This Aug 9, I will be in Shanghai. My first trip to China since BC (Before Covid). It is a coincidence that visa-free access for two weeks to Singaporeans has just been released, sending the high prices of flight tickets skyrocketing. Fortunately, my trip was planned well in advance and I have an Apec Travel Card, which means I could skip the one-month booking for a queue number and one-week visa processing time at the Chinese Embassy.

For Singaporeans who have the most visa-free access globally, let us take pride in this landmark achievement in 2023 and be grateful for the luxury of our red passport, for being citizens of this implausible little red dot, whose success in this increasingly bifurcated multipolar world should never be taken for granted.

Perhaps, this special visa-free access was the going-away gift from the Chinese ambassador to Singapore Sun Hai Yen, who only arrived last year but will be returning to a deputy ministerial role in Beijing. I guess after ex-foreign minister Qin Gang, a supposed protege of President Xi Jinping disappeared and was removed for unspecified reasons, there were spaces to fill up in the foreign ministry. Hopefully, her return will also herald a continuation of the temporary uptick in Chinese equity markets in late July until October’s Golden Week.

In my 25-year corporate career past, I have found myself many times on Aug 9 in a far-flung country either pitching a deal, negotiating with a partner or signing an MOU to bring business and investments into Singapore. For me, business travel is not quite all that glamorous as it is made out to be. It is normally a rush and blur between the airport, traffic jams, and offices. This time, I will be in China for a board meeting for YZJ Financial Holdings (YZFH), which was listed last year after being spun out from YZJ Shipbuilding. YZFH’s stated purpose was to diversify and invest through Singapore and has since partnered with other global funds including Heliconia and EDBI.

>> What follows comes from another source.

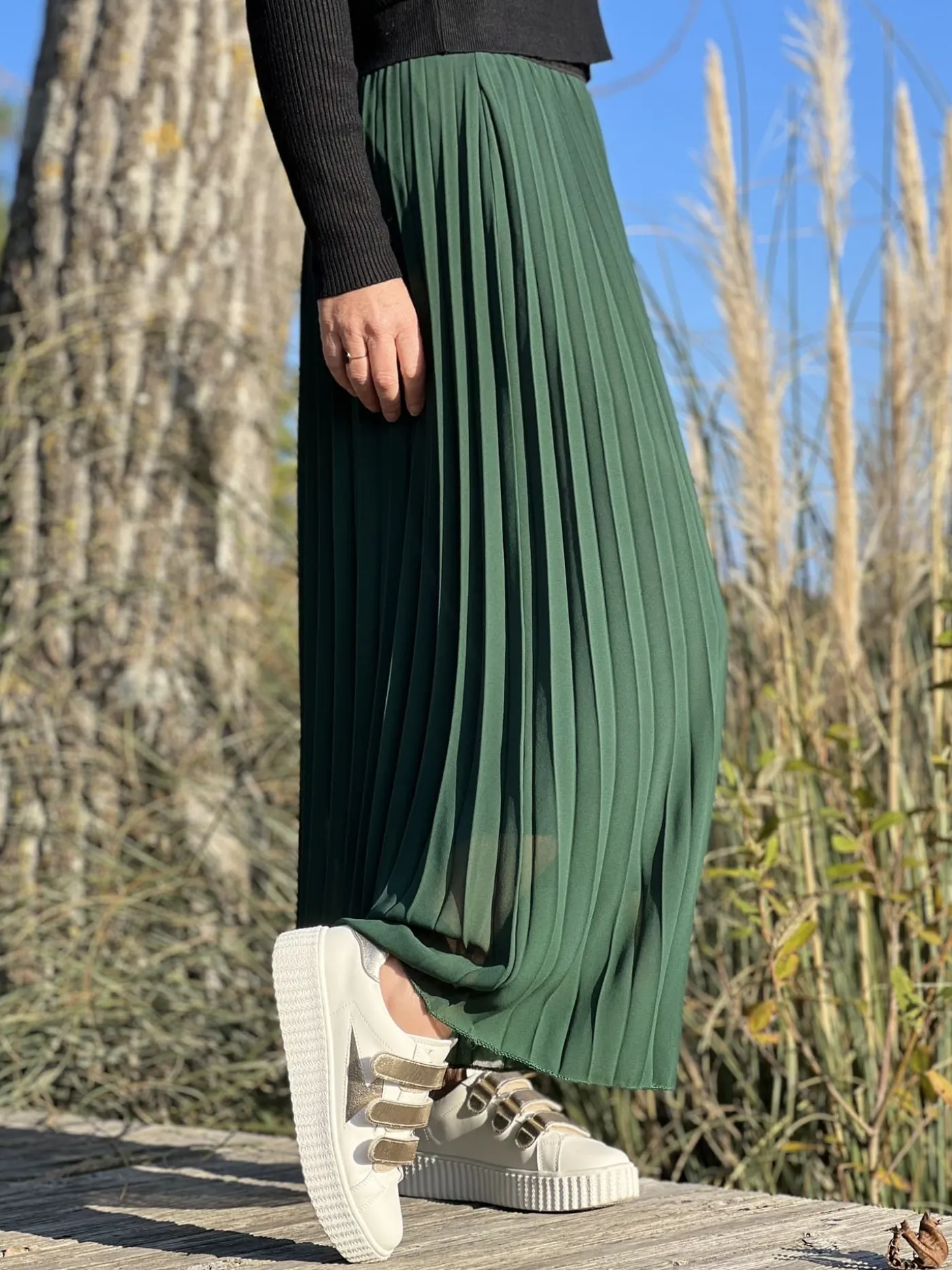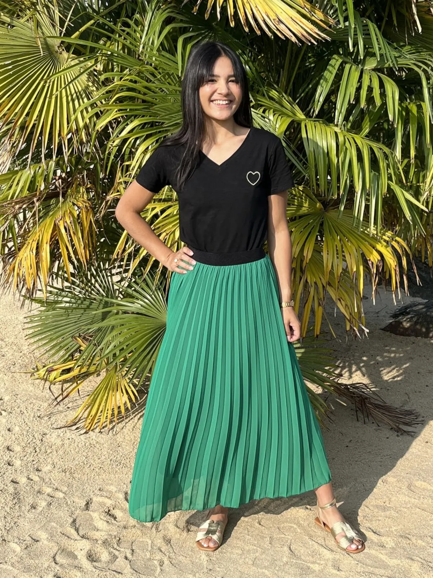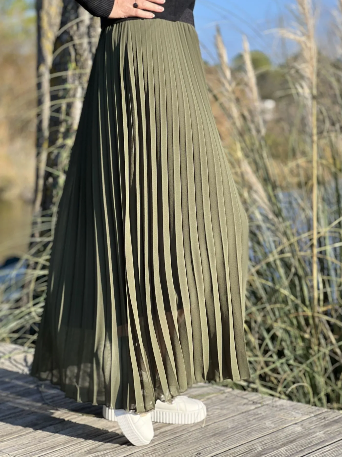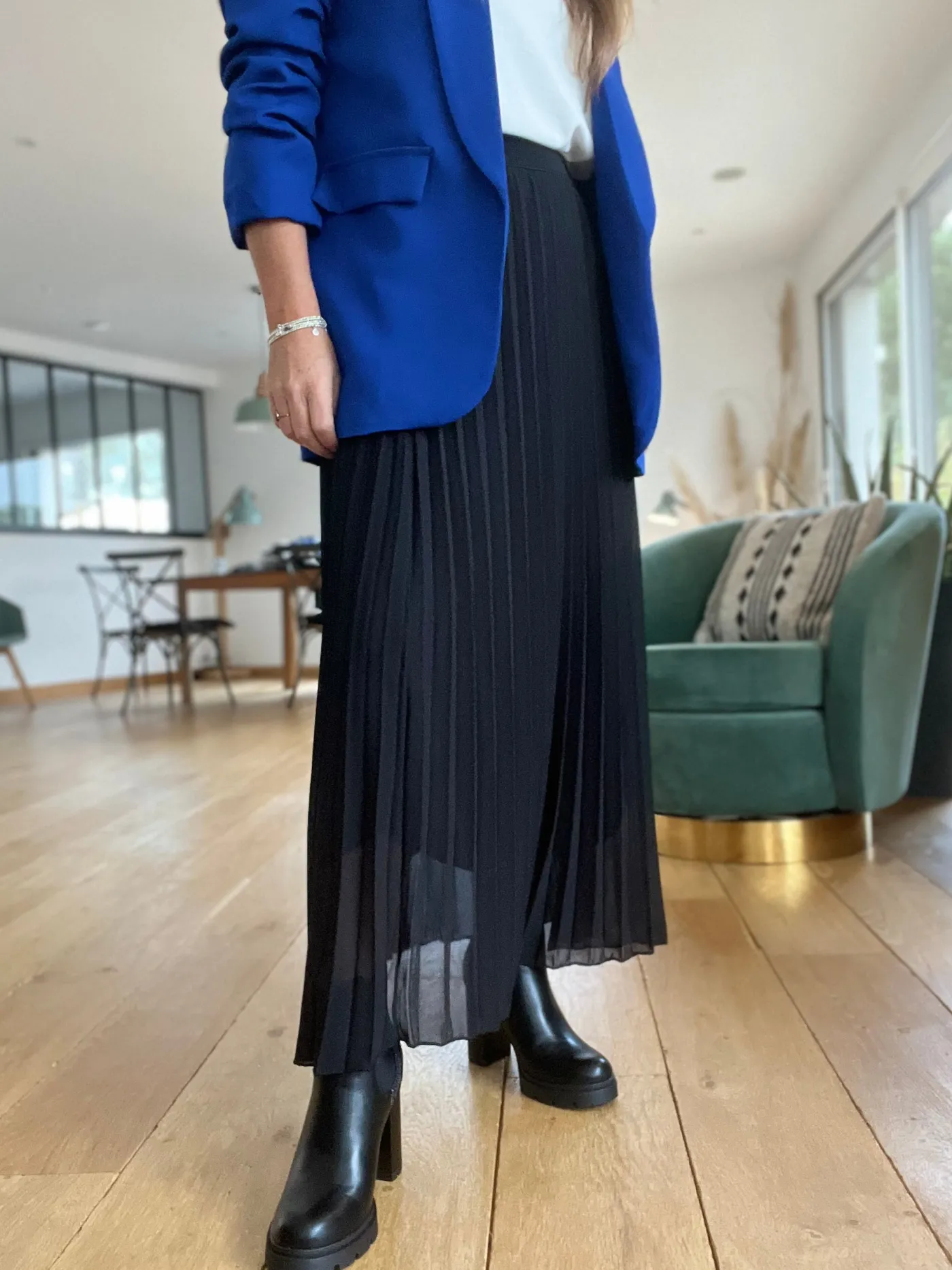 Jupe longue plisséeCeinture noirTaille : Magali mesure 1m58 et Justine mesure 1m69. Elles portent la taille Taille …

As I am semi-retired, I look forward to meeting up with old colleagues and friends, and learning first-hand how severe the economic issues we hear about are. However, I am most looking forward to celebrating with fellow Singaporeans at Shanghai Counsulate’s NDP23 event on Aug 8. Perhaps, I may even have the chance to taste a bit of chwee kueh, chicken rice and kopi-o even though I am away from home.

See also: Staying grounded while flying mile-high

I will always recall the city
Know every street and shore
Sail down that river which brings us life
Winding through my Singapore

Having grown up on a diet of National Day songs including Stand up for Singapore, Count on me Singapore and One people, one nation, one Singapore, I was not prepared for Dick Lee’s Home (whose lyrics I display here), first released in 1998 and sung by Kit Chan, which moved us from patriotic jingoism to heartfelt emotional expression.

However, I was very lucky to spend the evening of July 29 with my 10-year-old nephew at the NDP 2023 full-dress rehearsal with fellow Singaporeans belting out these and other tunes of different languages, including Shine your light upon the world which is the NDP 2023 theme song. Such is the diversity that makes us proud to be Singaporeans. Without giving much else away, I must say this year’s parade and NDP show is the best I have seen in years, and one to be enjoyed with family and friends in front of the television screen even if you are not part of the crowd this week.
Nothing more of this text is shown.